Los avances en medicina crítica han mejorado de forma sustancial la supervivencia de pacientes críticamente enfermos gracias al uso de tecnologías de soporte vital y monitoreo continuo. Sin embargo, esta mayor sobrevida ha puesto de manifiesto un nuevo reto clínico: las secuelas persistentes tras el egreso de la unidad de cuidados intensivos (UCI), agrupadas en el denominado síndrome post-UCI (SPUCI) o Post-Intensive Care Syndrome (PICS).1,2

El SPUCI comprende alteraciones en tres dominios principales: físico, cognitivo y psicológico.3,4 La debilidad muscular adquirida en UCI puede afectar hasta a la mitad de los pacientes con estancias prolongadas y se asocia con limitaciones funcionales duraderas.2,5 El deterioro cognitivo, presente en 30-80% de los sobrevivientes, involucra memoria, atención y funciones ejecutivas, con un impacto comparable al de la demencia leve.6 En el ámbito psicológico, síntomas de ansiedad, depresión y estrés postraumático afectan la reintegración social, familiar y laboral, comprometiendo la calidad de vida.3,4,7,8

Su etiología es multifactorial e involucra factores como inmovilidad prolongada, sedación profunda, delirium, ventilación mecánica extendida e inflamación sistémica.2,6,9 A pesar de la magnitud del problema, persiste la falta de protocolos estandarizados de seguimiento, situación más marcada en contextos con recursos limitados, como ocurre en gran parte de América Latina.10

En respuesta, se han desarrollado iniciativas internacionales, como las Clínicas Post-UCI promovidas por la Society of Critical Care Medicine, con resultados positivos en rehabilitación y reducción de rehospitalizaciones.11,12 Sin embargo, en México la experiencia sigue siendo incipiente y no existe un modelo formalmente establecido.1,13

El objetivo principal de este estudio fue determinar la incidencia del SPUCI en pacientes adultos egresados de la Unidad de Terapia Intensiva (UTI).



MATERIAL Y MéTODOS

Estudio observacional, prospectivo y descriptivo, con componente analítico. El periodo de reclutamiento se extendió de abril a agosto de 2025. Se incluyeron de manera consecutiva pacientes mayores de 18 años con estancia mínima de 48 horas en la UCI y egreso con vida, capaces de responder evaluaciones cognitivas por sí mismos o con acompañante en caso de limitaciones físicas. Se excluyeron aquellos con antecedentes de deterioro neurocognitivo severo o trastornos psiquiátricos graves, imposibilidad para entrevistas (afasia, discapacidad sensorial sin apoyo) o condición terminal.

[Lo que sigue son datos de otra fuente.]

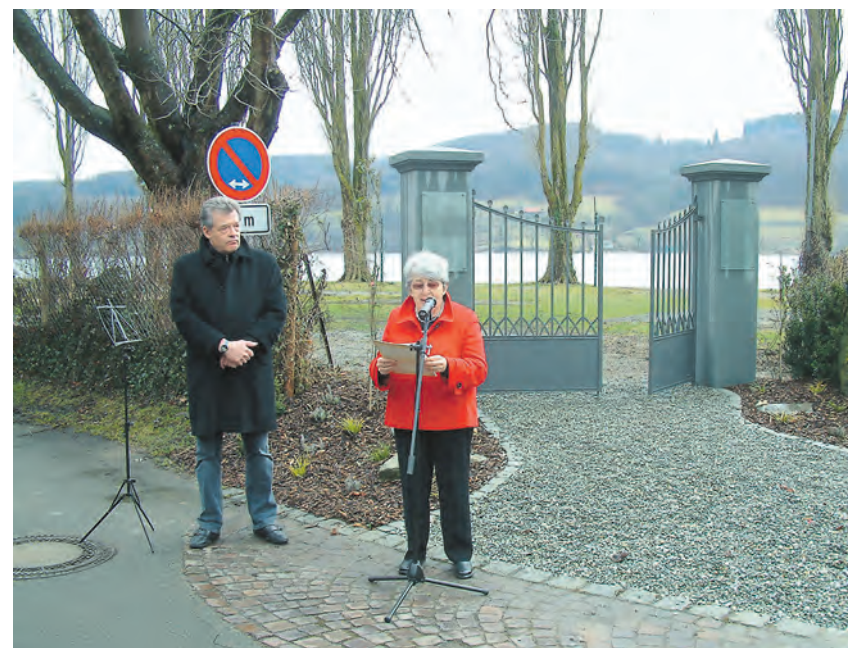
In einer ergreifenden Gedenkfeier weihte die Wangener Bevölkerung am vergangenen Sonntag die neue Gedenkstätte am Seeufer ein, mit der der Heimat-, Kultur- und Gästeverein an die im November 1938 zerstörte Synagoge erinnert.

La muestra final correspondió a todos los pacientes que cumplieron los criterios de selección durante el periodo señalado. La identificación se realizó mediante censo diario de egresos vivos de la UCI. De los expedientes clínicos se recopilaron variables demográficas y clínicas, incluyendo edad, sexo, diagnóstico de ingreso, comorbilidades, duración de estancia en UCI, necesidad y tiempo de ventilación mecánica, así como uso de vasopresores (Tabla 1).

La evaluación se efectuó entre los cinco y siete días posteriores al egreso, en hospitalización o consulta externa, mediante un tamizaje multidimensional. Se aplicaron la escala de depresión, ansiedad y estrés (DASS-21) para evaluar síntomas emocionales,1,11 la Montreal Cognitive Assessment (MoCA) para función cognitiva global1,14 y la escala Medical Research Council (MRC) para fuerza muscular.1,6 En casos seleccionados, se utilizó la escala hospitalaria de ansiedad y depresión (HADS) como instrumento complementario.

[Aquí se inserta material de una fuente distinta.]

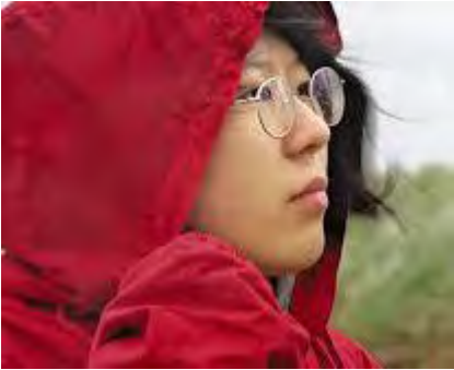
映画のワンシーンの菜の花さん

Se definió la presencia del SPUCI cuando el enfermo presentaba al menos una alteración en cualquiera de los dominios evaluados (físico, cognitivo o psicológico), determinada por los siguientes criterios: puntuación < 48 en la escala MRC para fuerza muscular, puntuación < 26 en la MoCA para función cognitiva, o presencia de síntomas de ansiedad, depresión o estrés por encima de los puntos de corte establecidos en la DASS-21.

La información fue registrada en una base de datos electrónica estandarizada con acceso restringido, garantizando la confidencialidad y el control de calidad mediante revisiones cruzadas del equipo investigador. Se definieron como variables independientes: edad, sexo, diagnóstico de ingreso, comorbilidades, estancia en UCI, ventilación mecánica y uso de vasopresores; mientras que las variables dependientes fueron los puntajes obtenidos en MRC, MoCA y DASS-21.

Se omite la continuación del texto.